[[ AVAILABLE DATA open ]]
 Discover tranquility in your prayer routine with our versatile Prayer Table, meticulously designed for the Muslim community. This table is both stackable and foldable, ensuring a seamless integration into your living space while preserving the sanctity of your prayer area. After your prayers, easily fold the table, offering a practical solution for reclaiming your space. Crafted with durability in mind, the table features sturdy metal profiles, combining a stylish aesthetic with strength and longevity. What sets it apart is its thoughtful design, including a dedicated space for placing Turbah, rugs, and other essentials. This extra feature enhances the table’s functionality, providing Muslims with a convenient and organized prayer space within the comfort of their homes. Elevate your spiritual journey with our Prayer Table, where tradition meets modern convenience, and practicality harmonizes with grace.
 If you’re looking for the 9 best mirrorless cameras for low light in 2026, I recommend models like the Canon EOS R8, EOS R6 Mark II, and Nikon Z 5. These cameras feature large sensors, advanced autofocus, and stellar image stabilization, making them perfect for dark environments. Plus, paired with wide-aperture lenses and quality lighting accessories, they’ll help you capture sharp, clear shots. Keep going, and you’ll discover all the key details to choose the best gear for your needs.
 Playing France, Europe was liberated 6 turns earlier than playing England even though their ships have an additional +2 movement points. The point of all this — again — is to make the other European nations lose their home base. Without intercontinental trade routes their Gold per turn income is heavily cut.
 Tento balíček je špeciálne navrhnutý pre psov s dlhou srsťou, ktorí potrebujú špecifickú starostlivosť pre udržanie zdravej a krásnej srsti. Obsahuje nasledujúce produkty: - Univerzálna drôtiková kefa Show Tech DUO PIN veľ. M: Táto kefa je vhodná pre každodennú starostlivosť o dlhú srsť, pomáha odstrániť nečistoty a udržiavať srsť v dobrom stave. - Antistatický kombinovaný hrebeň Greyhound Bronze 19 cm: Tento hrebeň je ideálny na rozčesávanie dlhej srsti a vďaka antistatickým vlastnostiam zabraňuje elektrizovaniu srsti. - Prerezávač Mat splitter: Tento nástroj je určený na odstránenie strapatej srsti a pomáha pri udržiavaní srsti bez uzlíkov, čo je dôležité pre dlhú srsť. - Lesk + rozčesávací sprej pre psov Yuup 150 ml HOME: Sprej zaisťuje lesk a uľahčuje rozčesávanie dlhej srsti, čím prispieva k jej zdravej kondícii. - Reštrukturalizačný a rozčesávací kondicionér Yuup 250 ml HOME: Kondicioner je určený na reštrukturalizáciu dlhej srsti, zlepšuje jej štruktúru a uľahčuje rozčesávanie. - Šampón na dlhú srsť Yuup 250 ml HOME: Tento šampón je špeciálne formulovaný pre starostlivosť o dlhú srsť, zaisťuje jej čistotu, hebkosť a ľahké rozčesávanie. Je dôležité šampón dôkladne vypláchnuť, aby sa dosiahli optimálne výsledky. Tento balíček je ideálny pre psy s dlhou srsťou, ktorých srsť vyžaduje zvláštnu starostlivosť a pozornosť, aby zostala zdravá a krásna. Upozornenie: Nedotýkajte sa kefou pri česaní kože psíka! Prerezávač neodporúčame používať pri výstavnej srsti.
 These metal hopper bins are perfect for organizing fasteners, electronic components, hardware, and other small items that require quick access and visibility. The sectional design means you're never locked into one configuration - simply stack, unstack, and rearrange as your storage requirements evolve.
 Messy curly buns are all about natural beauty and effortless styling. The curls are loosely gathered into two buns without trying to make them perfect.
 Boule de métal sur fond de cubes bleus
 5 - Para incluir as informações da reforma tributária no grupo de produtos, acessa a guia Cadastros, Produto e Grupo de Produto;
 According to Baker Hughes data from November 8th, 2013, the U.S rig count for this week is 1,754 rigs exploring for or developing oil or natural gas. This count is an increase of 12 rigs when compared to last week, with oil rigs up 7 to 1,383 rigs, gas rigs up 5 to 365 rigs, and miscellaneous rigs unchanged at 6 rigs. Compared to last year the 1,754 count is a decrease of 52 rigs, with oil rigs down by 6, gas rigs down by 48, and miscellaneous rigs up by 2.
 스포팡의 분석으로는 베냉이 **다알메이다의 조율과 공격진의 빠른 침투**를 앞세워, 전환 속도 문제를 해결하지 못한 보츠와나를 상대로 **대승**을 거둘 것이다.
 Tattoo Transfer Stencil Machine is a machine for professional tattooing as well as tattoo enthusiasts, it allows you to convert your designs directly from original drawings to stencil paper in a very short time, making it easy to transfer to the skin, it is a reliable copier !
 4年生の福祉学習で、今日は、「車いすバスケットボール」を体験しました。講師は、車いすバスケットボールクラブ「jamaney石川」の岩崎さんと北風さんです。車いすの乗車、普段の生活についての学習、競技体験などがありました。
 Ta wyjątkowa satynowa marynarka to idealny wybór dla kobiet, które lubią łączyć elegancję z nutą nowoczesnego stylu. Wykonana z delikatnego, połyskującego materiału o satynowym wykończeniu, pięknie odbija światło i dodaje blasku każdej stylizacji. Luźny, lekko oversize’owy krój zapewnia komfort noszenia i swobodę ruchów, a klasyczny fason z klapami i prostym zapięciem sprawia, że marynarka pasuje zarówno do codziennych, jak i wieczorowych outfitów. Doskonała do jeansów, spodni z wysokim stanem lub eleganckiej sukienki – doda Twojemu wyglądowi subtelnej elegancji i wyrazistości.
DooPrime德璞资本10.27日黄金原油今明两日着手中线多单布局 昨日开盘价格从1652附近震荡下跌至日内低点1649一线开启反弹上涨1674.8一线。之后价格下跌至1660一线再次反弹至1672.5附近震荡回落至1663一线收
[[ AVAILABLE DATA closed ]]
WHAT IS EXPECTED: The expected answer is every line above in which the word "make" appears.

WRITTEN REPLY:
 Playing France, Europe was liberated 6 turns earlier than playing England even though their ships have an additional +2 movement points. The point of all this — again — is to make the other European nations lose their home base. Without intercontinental trade routes their Gold per turn income is heavily cut.
 Messy curly buns are all about natural beauty and effortless styling. The curls are loosely gathered into two buns without trying to make them perfect.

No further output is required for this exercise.